Question

Show that$\mathit{P}\left(A+B+C\right)\mathbf{=}\mathit{P}\left(A\right)\mathbf{+}\mathit{P}\left(B\right)\mathbf{+}\mathit{P}\left(C\right)\mathbf{-}\mathit{P}\left(AB\right)\mathbf{-}\mathit{P}\left(AC\right)\mathbf{-}\mathit{P}\left(BC\right)\mathbf{+}\mathit{P}\left(ABC\right)$.
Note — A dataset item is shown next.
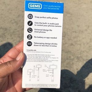 Gems Express Your Selfie - Selfie Stick with Shutter Button, Extends 16 inches. Condition is New. Universal Design, No Battery Needed Compatible with mobile devices between 2.5 to 3 inches wide. Extendable Wired Selfie Stick for all android phones and iPhone . it works with iPhone 4, iphone4s, iphone5,iphone 5s,iphone 5c, iphone6, iphone6s,iphone 6 plus,iphone6splus ,iPhone 6 plus and all android devices like samsung, infinx , techno, Etc..100% new and high quality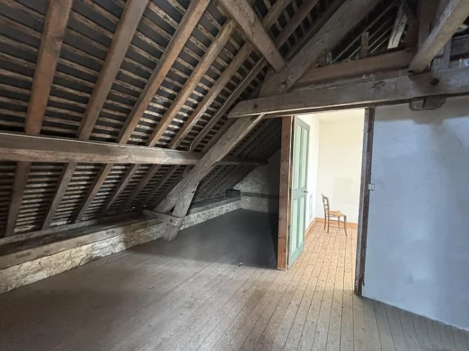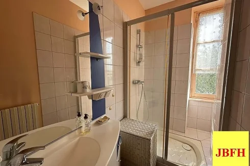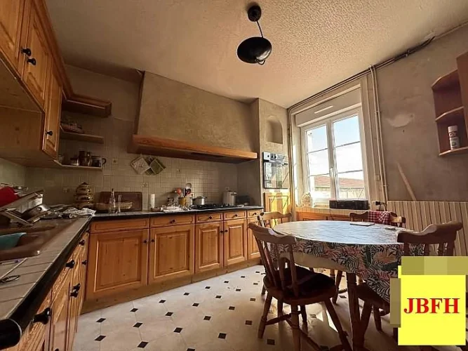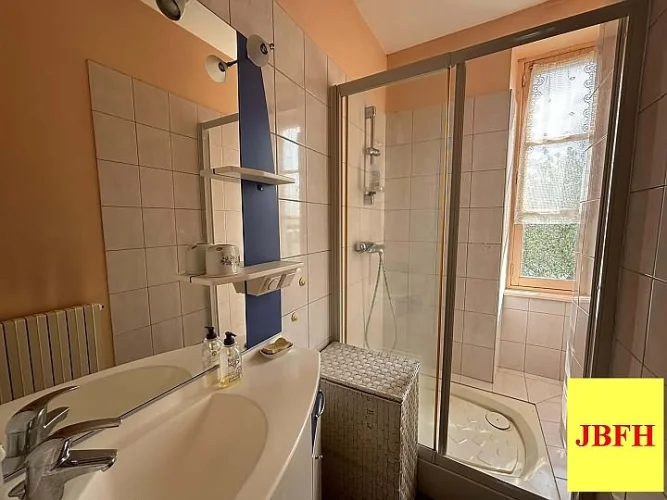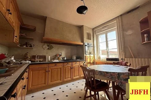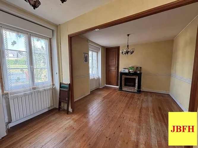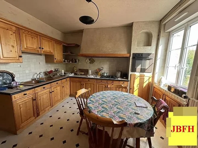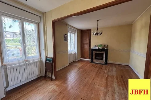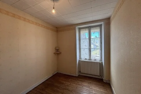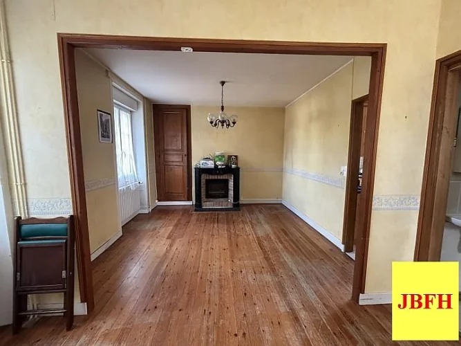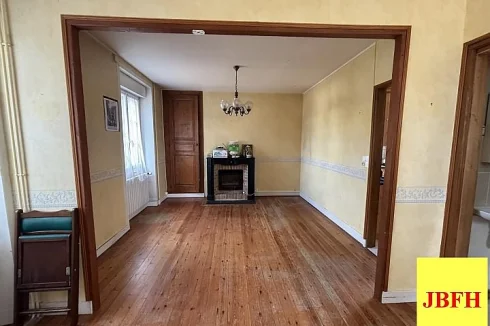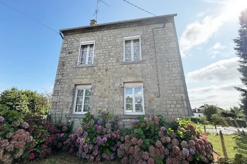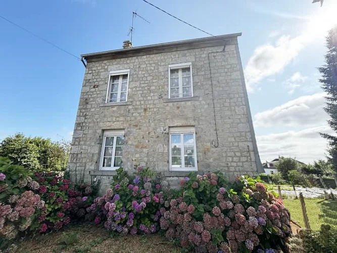Detached stone and slate property(74.08 sqm), situated in a town close to the shops, in the area of Domfront, with a garden area of 700 sqm. Heating : oil central and wood. Part PVC double glazing. Roof updated in 2020. 2 garden sheds. Cellar needing re-enforcement boiler joists. DPE : G - GES : G. The oil-fired boiler needs replacing, and some of the window frames have already been modernised with PVC double glazing and electric roller shutters. The roof was renovated in 2020.

Hint: Start with Figure 3.2 and sketch in a region C overlapping some of the pointsof each of the regions A, B, and AB.

Short answer

Answer

$P\left(A+B+C\right)=P\left(A\right)+P\left(B\right)+P\left(C\right)-P\left(AB\right)-P\left(AC\right)-P\left(AC\right)-P\left(BC\right)+P\left(ABC\right)$is verified.

Step-by-step solution

Given Information

$A,B$and $C$are the events with probabilities $P\left(A\right),P\left(B\right)$and $P\left(C\right)$respectively.

Definition of Independent Event

The events are said to be independent when the occurrence or non-occurrence of any event does not have any effect on the occurrence or non-occurrence of the other event.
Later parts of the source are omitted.